AVS 56th International Symposium & Exhibition
    Surface Science Wednesday Sessions
       Session SS1-WeM

Paper SS1-WeM11
Key Processes of Ice-Multilayer Evolution during Growth and Annealing Studied with STM

Wednesday, November 11, 2009, 11:20 am, Room M

Session: Water/Surface Interactions & Environmental Chemistry I
Presenter: K. Thürmer, Sandia National Laboratories
Authors: K. Thürmer, Sandia National Laboratories
S. Nie, Sandia National Laboratories
N.C. Bartelt, Sandia National Laboratories
Correspondent: Click to Email

Although extensive research has been aimed at the structure of ice films [1], important details of the morphology evolution, especially for films in the nm-thickness range, have remained elusive. Our capability to image up to 30 molecular layers of ice with STM [2], enables us to track the film evolution during growth and annealing. In particular, we investigate the role of new-layer nucleation and surface self-diffusion.
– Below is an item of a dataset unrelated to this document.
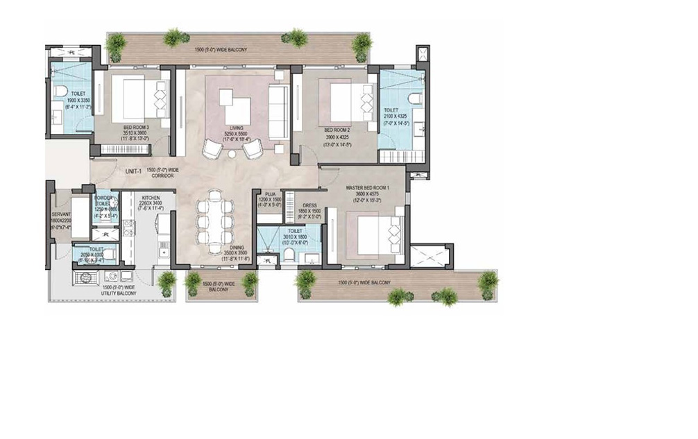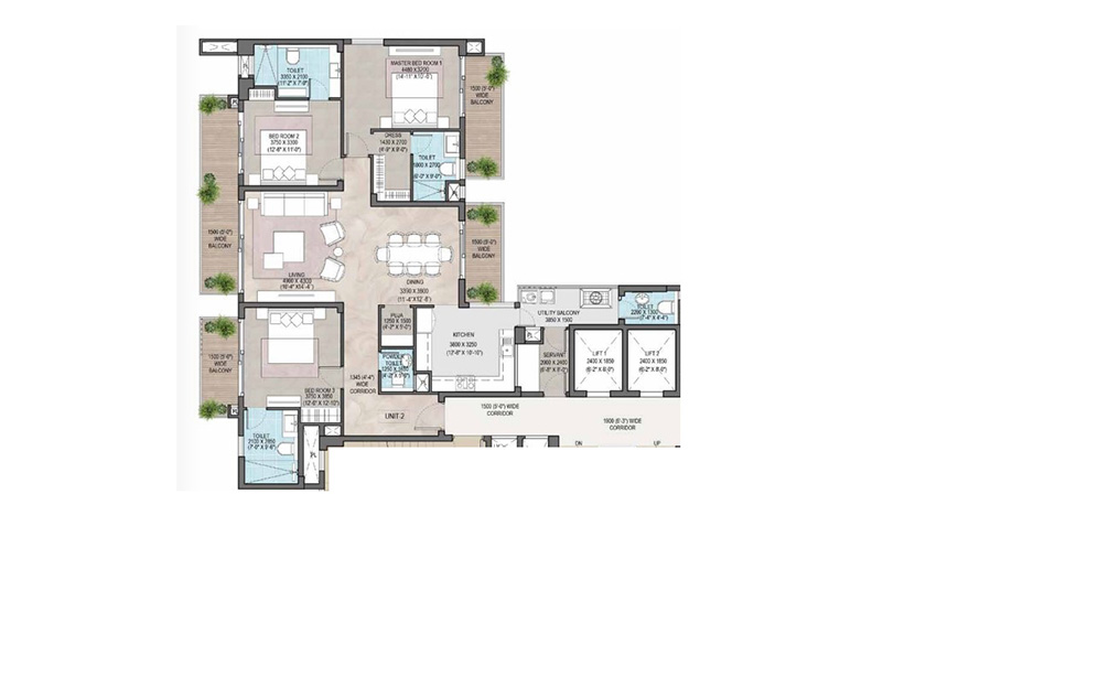 3 BHK | 1547 Sq.ft. | On Request | On Request | On Request |

As reported before by others, we observe that water deposited onto Pt(111) below 120K forms amorphous films, whereas metastable cubic ice appears between 120K and ~150K. At 140K and a mean film thickness of ~1nm the film consists of 2-3 nm high crystallites, embedded in a one bilayer high wetting layer. Analyzing the annealing behavior of these crystallites we find [3] that the rate at which new layers nucleate, and not surface diffusion, determines how fast individual crystallites equilibrate. The resistance to nucleate new layers even during deposition has a surprising effect on thicker films: The deposited water attaches preferentially to growth spirals around screw dislocations, promoting the formation of metastable cubic ice [2].

Finally, we report the first measurements of surface self-diffusion on ice. Using uniform 5-nm-thick ice films (grown at 145K) as templates, we deposited a fraction of a monolayer of water at 115K to create metastable arrays of 2D-islands. By quantifying the Ostwald ripening of these arrays upon annealing between 115 and 135 K, we extract temperature-dependent diffusion rates and determine the activation energy for surface self-diffusion to be (0.4+-0.1) eV [4].

[1] A. Verdaguer, G. M. Sacha, H. Bluhm, and M. Salmeron, Chem. Rev. 106, 1478 (2006).

[2] K. Thürmer and N. C. Bartelt, Phys. Rev. B 77, 195425 (2008).

[3] K. Thürmer and N. C. Bartelt, Phys. Rev. Lett. 100, 186101 (2008).

[4] S. Nie, N. C. Bartelt, and K. Thürmer, Phys. Rev. Lett. 102, 136101 (2009).